What is the Format of a Case Study?
Everything You Need to Know
If you are taking a social science or a humanity degree in college, you are perhaps quite familiar with the term. In college, a case study represents a form of research where the researcher has a specific subject. This means they focus on and study an individual, a group of people, or an event. Unlike other research methods, a case study does not entail generalized results due to its nature.
In some cases, a student can choose to substitute comprehensive research for a case study. Say, for instance, when they do not have sufficient resources. There are several ways for them to go about this decision. On the one hand, the student can research one multi-layered complex case. On the other hand, they can also apply various related case studies to meet their objectives.

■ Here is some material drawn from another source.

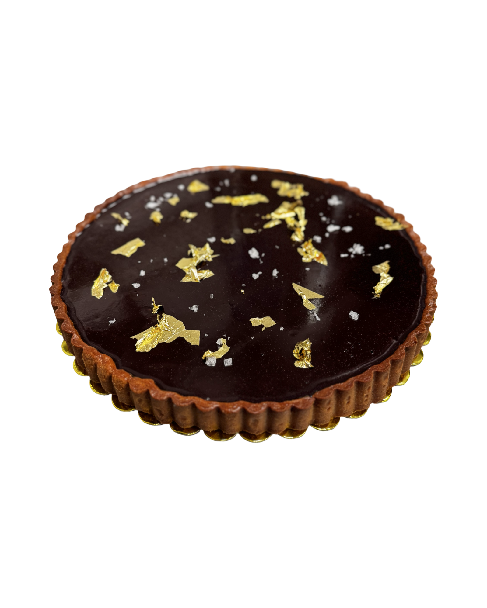 10”, layers of raspberry caramel, chocolate mousse and mirror chocolate glaze, sprinkled with edible gold leaf and sea salt.

Case studies, furthermore, present an ideal learning opportunity for some students. We all can relate to the isolated cases or events we would have wanted to explore further. Fully-fledge research would arguably be impractical for such a scenario. However, a case study offers the chance to look deeper into outlying persons, places, or events without generalizing your results.
Case Study Format
There are a couple of ways in which you can present your case study. It certainly varies depending on your field and the institutions. In most cases, however, you will be required to give your case study as a report. It is worth considering that there might be specific requirements from your department. Therefore, it would be prudent to always seek consult from your teacher or the department. You can equally take this opportunity to seek clarification for any gaps in knowledge you might have before you start off with the case study.
The format of a case study is made up of the following elements.

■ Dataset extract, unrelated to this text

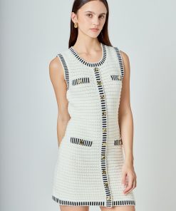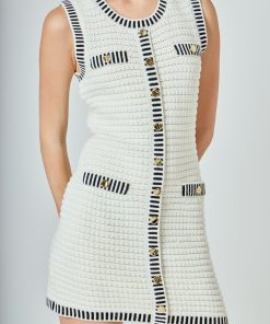 Endless Rose Women’s Border Sweater Mini Dress | Cream & Black

- Executive summary – This is meant to give a general insight into the area you are looking to research. Hence, it captures the thesis statement and elaborates on how you intend to carry out the case study.
- Background — In this section, you present the foundation of your case study. Thus, it should have the preexisting knowledge that has led you to this particular case study.

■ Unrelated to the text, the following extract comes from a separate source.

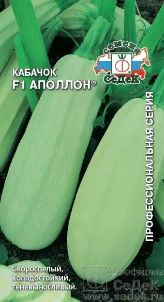 Кабачок "Аполлон F1" - Оригінатор гібрида агрофірма «СеДеК». Дозволено до використання у третьому – Центральному регіоні, а також п'ятому – Центрально-Чорноземному регіоні. Дозріває рано, є кущовим, компактним рослиною із середніми листовими пластинками частіше зеленого забарвлення з сильним розсіченням і ледь помітними плямами. Форма кабачка в технічній стиглості – циліндрична, він слаборебристий має середню довжину, сіро-зелене забарвлення, є світлі, точкові плями на поверхні. М'якуш досить щільний, але ніжний. Маса плода 1,4 кг. Дегустатори оцінюють смак гібрида як добрий. Усередині плоду знаходиться дуже велике біло-кремове насіння еліптичної форми. Урожайність сягає 1039 центнерів із гектара.

- Evaluation of the case – This is an assessment of the case, looking at each section on its own. It helps you to determine what works and what does not.
- Proposals – After the case study, you must present feasible solutions to the case study problem. Additionally, you need to provide evidence of the solutions' feasibility.
- Conclusion – Like any other academic writing, the conclusion entails a summary of the case study where you tie everything together.
- References – You are also required to cite all external sources that you have used in the case study. This, as usual, is mandatory in all academic papers.
Once you have followed the format outlined above, you can rest assured that you have nailed down the structure of a case study.